Далее, что касается формы, цвета, величины, тяжести и все­го прочего, что говорится как о постоянных свойствах тела, присущих или всем телам, или видимым и познаваемым через чувственное восприятие этих свойств, то не следует думать ни того, что эти свойства суть самостоятельные сущности [незави­симые субстанции], ни того, что они вовсе не существуют, ни того, что они суть какие-то другие бестелесные субстанции, при­сущие телу, ни того, что они суть части тела; но надо думать, что все тело, хотя в целом обязано своим постоянным сущест­вованием всем этим свойствам, однако не в том смысле, что оно сложилось из этих свойств, снесенных вместе, –подобно тому, как бывает, когда, например, из самих частил составляет­ся большее собрание, будут ли это первоначала или части цело­го, меньшие этого целого, каково бы оно ни было, –но только, как я говорю, всем этим свойствам тело обязано своим постоян­ным существованием. Все эти свойства имеют свои специаль­ные возможности быть познаваемыми и различаемыми [позна­ются отдельно и различаются], если только целое сопутствует им и никогда от них не отделяется, но вследствие совокупного представления свойств имеет название тела.(Там же. 191–192.) [с.70]

Этика

Письмо к Менекею

Эпикур Менекею шлет привет.

Пусть никто в молодости не откладывает занятий философией, а в старости не утомляется занятиями философией: ведь для душевного здоровья никто не может быть ни недозрелым, ни перезрелым. Кто говорит, что заниматься философией еще рано или уже поздно, подобен тому, кто говорит, будто быть счастливым еще рано или уже поздно. Поэтому заниматься философией следует и молодому и старому: первому – для того, чтобы он и в старости остался молод благами в доброй памяти о прошлом, второму – чтобы он был и молод и стар, не испытывая страха перед будущим. Стало быть, надобно подумать о том, что составляет наше счастье,– ведь когда оно у нас есть, то все у нас есть, а когда его у нас нет, то мы на все идем, чтобы его заполучить.
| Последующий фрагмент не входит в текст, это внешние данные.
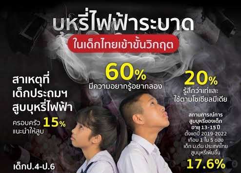 ปัจจุบันภาพลักษณ์บุหรี่ไฟฟ้าถูกสร้างให้ดู “เท่ ทันสมัย และปลอดภัย” ซึ่งเด็กและเยาวชนจำนวนมากตกเป็นเหยื่อกลยุทธ์ทางการตลาดที่ซ่อนสารเสพติดไว้ภายใต้กลิ่น รสชาติและแพ็กเกจสีสันสดใส ทั้งที่ความจริงแล้ว บุหรี่ไฟฟ้ามีสารนิโคตินปริมาณสูง ซึ่งมีฤทธิ์เสพติดรุนแรง อันตรายต่อสมองที่ควบคุมการตัดสินใจ การเรียนรู้ ความจำ และการควบคุมอารมณ์ ส่งผลให้มีสมาธิสั้นลง ความจำลดลง และเสี่ยงต่อปัญหาพฤติกรรมในระยะยาว อีกทั้ง เด็กที่สูบบุหรี่ไฟฟ้ามีโอกาสใช้ยาเสพติดมากถึง 2 เท่า นอกจากนี้ ประเทศไทยกำลังเผชิญกับปัญหาอัตราการเกิดต่ำ แต่เด็กที่เกิดมากลับต้องเติบโตในสภาพแวดล้อมที่เต็มไปด้วยสารพิษจากบุหรี่ไฟฟ้า และในบางรายได้รับผลกระทบตั้งแต่อยู่ในครรภ์ จากการสูดดมละอองไอบุหรี่ไฟฟ้า ซึ่งมีความเสี่ยงสูงต่อการคลอดก่อนกำหนด น้ำหนักตัวน้อย และมีปัญหาพัฒนาการทางสมอง สร้างความเสี่ยงต่อคุณภาพชีวิตของประชากรในอนาคต จึงขอความร่วมมือผู้ปกครอง โรงเรียน และสังคมร่วมกันเฝ้าระวัง พร้อมให้ข้อมูลที่ถูกต้องแก่เด็ก

Итак, и в делах твоих, и в размышлениях следуй моим всегдашним советам, полагая в них самые основные начала хорошей жизни.

Прежде всего верь, что бог есть существо бессмертное и блаженное, ибо таково всеобщее начертание понятия о боге; и поэтому не приписывай ему ничего, что чуждо бессмертию и несвойственно блаженству, а представляй о нем лишь то, чем поддерживается его бессмертие и его блаженство. Да, боги существуют, ибо знание о них – очевидность; но они не таковы, какими их полагает толпа, ибо толпа не сохраняет их [в представлении] такими, какими полагает. Нечестив не тот, кто отвергает богов толпы, а тот, кто принимает мнения толпы о богах, ибо высказывания толпы о богах – это не предвосхищения, а домыслы, и притом ложные. Именно в них утверждается, будто боги посылают дурным людям великий вред, а хорошим – пользу: ведь люди привыкли к собственным достоинствам и к подобным себе относятся хорошо, а все, что не таково, считают чуждым.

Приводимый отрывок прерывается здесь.